Pitfall: compensation itself can fail. It must be idempotent and infinitely retriable, and must not trigger new side effects that themselves need compensating, or the compensation chain diverges forever. Truly-impossible compensations go to a "manual intervention" queue.

Real-world:

Sagas paper (SIGMOD 1987): the original definition of Ci semantically canceling Ti — the theoretical source of the modern microservices Saga.
Payment/e-commerce systems: refund on failed order, release stock on oversell — classic backward compensation; for money already sent to a third party, switch to forward retry + reconciliation as a backstop.

4. Activity Execution Guarantees — at-least-once + idempotency + timeout/heartbeat

Principle: the workflow itself is "logically exactly-once" via replay, but the Activities that actually touch external systems can only guarantee at-least-once: the engine dispatches a task to a worker; if the worker finishes but crashes before reporting the result, the engine never gets the ACK and, after a timeout, redispatches — so the same charge may run twice. The only fix is to make Activities idempotent: use a business-unique key (order id) as the idempotency key, and have downstream dedupe on it. Long tasks must also heartbeat periodically so the engine can tell "slow" from "dead" and not falsely time out.

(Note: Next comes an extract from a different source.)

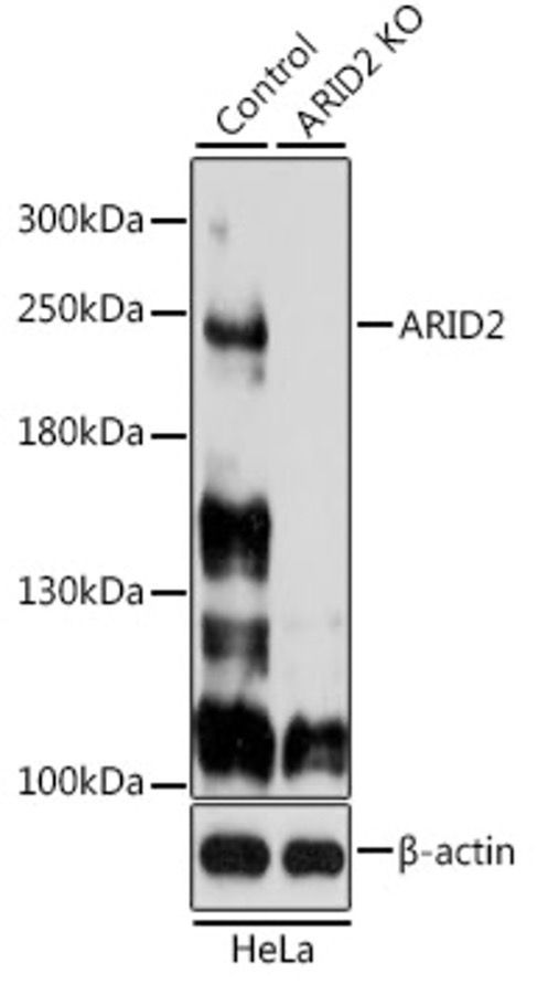 Вестерн-блот-анализ экстрактов нормальных (контрольных) и нокаутных по ARID2 (KO) клеток HeLa с использованием антитела ARID2 (A8601) в разведении 1:500.

Trade-off: delivery semantics — at-most-once (no retry, may drop, unacceptable) vs at-least-once (retries, paired with idempotency, the industry default). So-called exactly-once doesn't mean "executed only once" — it means executed repeatedly but taking effect once (idempotency-key dedup).

// Activity runs at least once → the business side MUST be idempotent
func ChargePayment(ctx, order) error {
    key := "charge:" + order.ID          // idempotency key = business uniqueness
    if seen(key) { return nil }          // a retry arrives → short-circuit
    heartbeat(ctx)                       // periodic heartbeat on long tasks
    charge(order.Amount, idemKey=key)    // pass the idem key to the payment gateway
    return nil
}

Real-world:

Temporal / Cadence Task Queue: workers long-poll for tasks; an Activity that times out or stops heartbeating is retried — the docs require Activities to be idempotent.
Stripe: the payments API uses an Idempotency-Key header; retrying the same key charges once — the canonical backstop for upstream workflow retries.

Scaling & Optimization

History-store sharding: as workflow counts explode, consistent-hash by workflow_id across Cassandra shards; don't let a single workflow's History grow too long (tens of thousands of events slow replay) — truncate with Continue-As-New, starting a fresh execution.
Versioning problem: change the workflow code and in-flight old workflows replay through mismatched new/old code paths → non-determinism errors. Use getVersion() / patch branches to stay compatible with old histories — the hardest operational aspect of long-flow engines.
Worker scaling: put workflow tasks and activity tasks on separate queues, scaled independently; isolate CPU-heavy activities so they don't starve lightweight workflow tasks of threads.
Multi-region: replicate History cross-region for DR (Cadence/Temporal global namespace / XDC); after failover, workflows continue from the replicated history.

Common Pitfalls + Interview Questions

1. Calling time.now() / rand() / HTTP directly inside a workflow. Breaks deterministic replay: on replay the value differs, history mismatches, and it errors out. All non-deterministic operations must live inside Activities or use the engine's deterministic APIs.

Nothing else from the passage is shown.